Taken by surprise, he inhaled sharply. “My heart and mind say no, but my body cannot answer truthfully. In time, perhaps. My thoughts were not clear while I suffered your loss. It is enough that I love and desire only you.
She wisely did not sneer: when I’m around and available! So, one rival had been Indian and another possessed white skin… how many more rivals would she learn about soon? How many more women would grieve over her unexpected return to life? Fury filled her. Gone less than two weeks and other females tempted him to forget all there had ever been between them! The grieving widower, my foot! Shalee didn’t realize she could not place Gray Eagle in the same category with the men she had known in England while growing up or the men she had met here in America….

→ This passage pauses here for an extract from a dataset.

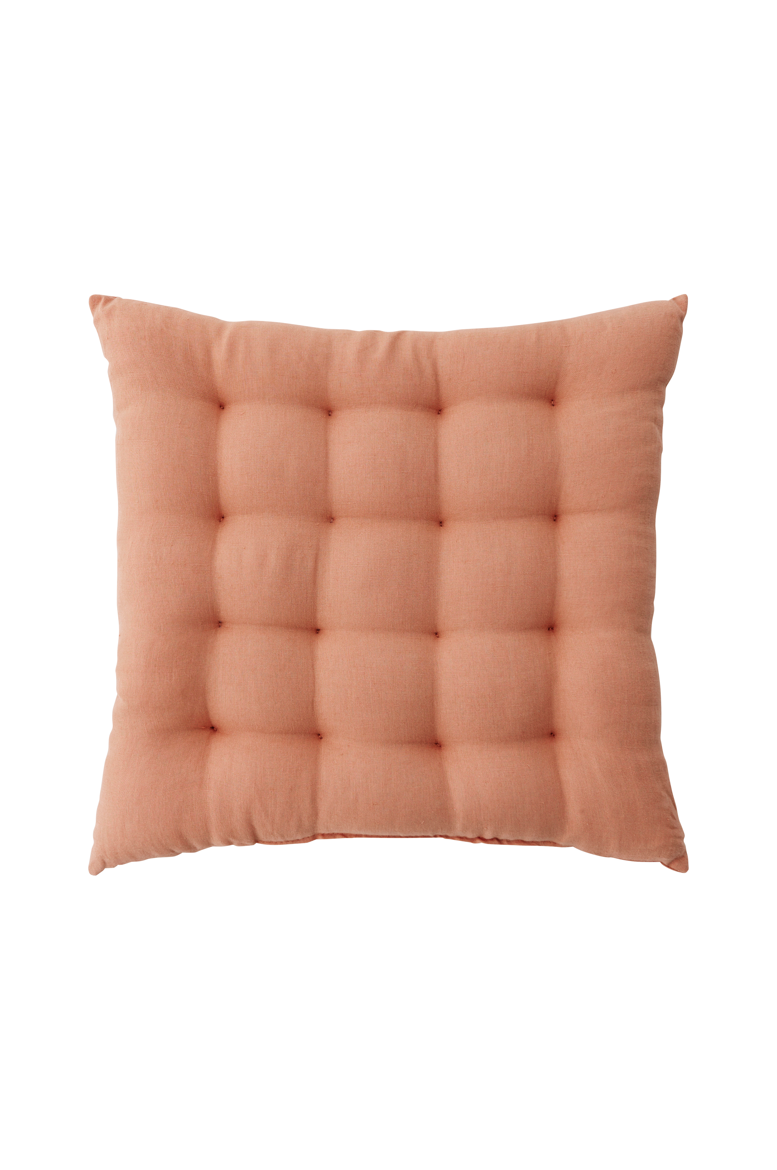 Istuintyyny pehmeää, pestyä ranskalaista pellavaa. Vintagelook ja koristeelliset käsin ommellut saumat. Täyte polyesteriä. Koko 40x40x5 cm.

“Again I feel I should have spoken falsely to you, Shalee. The truth causes more troubles than a kind double-tongue would. If you could remember me and our love, you would understand; you would trust me. I am deeply troubled and pained by the things I see in your eyes and sense within you.”
“How do you expect me to feel, Wanmdi Hota? I return to find another woman hotly pursuing you?” she angrily shouted.
“Hear your own words, Shalee; Leah desires me, I do not desire her.”
“It’s the same thing!” she argued irrationally.
“No, Shalee; it is not. I want and need only you, Little One. I love you, Shalee,” he vowed huskily.
“If only I could remember,” she wailed in renewed despair.
“In time, my love, the Great Spirit will open your mind,” he offered.
“When? I don’t know what to think or who to trust! Do you kno
w how that makes me feel?”
“I am trying to understand. It is difficult. You must help me.”
“Help you? How can I help you when I can’t even help myself?”
“You are weary. You must rest. This time is hard for you, Grass Eyes. But it is also hard for me.”
Why was she being so selfish and unfair? He was right. Who was this quicksilver man? Why did he fluctuate between tenderness and brutality? Why did he both attract and repel her? What was happening to her? “I am tired. May I rest now?”
“Sha. Istinma.”
At her confused look, he stated, “Yes. Sleep.”
She went to lie down. He touched her cheek and smiled. “It will end soon, Little One.”
“Will it, Gray Eagle?” she asked, not really offering a question.
“Sha.”
She smiled faintly and closed her eyes. He was ducking to leave when she opened them to add, “I’m sorry, Gray Eagle. I truly am.”
“Waste cedake, Shalee. Istinma, Pi-Zi Ista.”
She smiled, knowing those few words by now, and slept.
Chapter Nine
Persistent drumming forced its rhythmic beat into Shalee’s slumberous mind, pulling her to awareness. She sat up and glanced around. The intruding noise was not the threat of some ominous storm; it was some sort of music. Unsure of her position, she didn’t know if she should remain where she was or if she should look outside. Who were these strange people? What was expected of her? Who was the mercurial man who had urged himself into her life a few days ago, who fiercely desired to do the same with her heart and body? She rubbed her sleepy eyes and sought to clear her wits.
Gray Eagle ducked and entered the tepee, walking directly to her. He sat down cross-legged before her. “The can cega has disturbed your rest?”
When he realized her puzzlement, he grinned and said, “Kettle drums. Our people celebrate your return to us.”
A celebration without the guest of honor? As if reading her skeptical thoughts, he added, “I told them you were weak from our journey and still injured. I knew such a large gathering might frighten you. They will sing and dance and offer prayers of thanks to the Great Spirit. Do you wish to go out and speak with them?”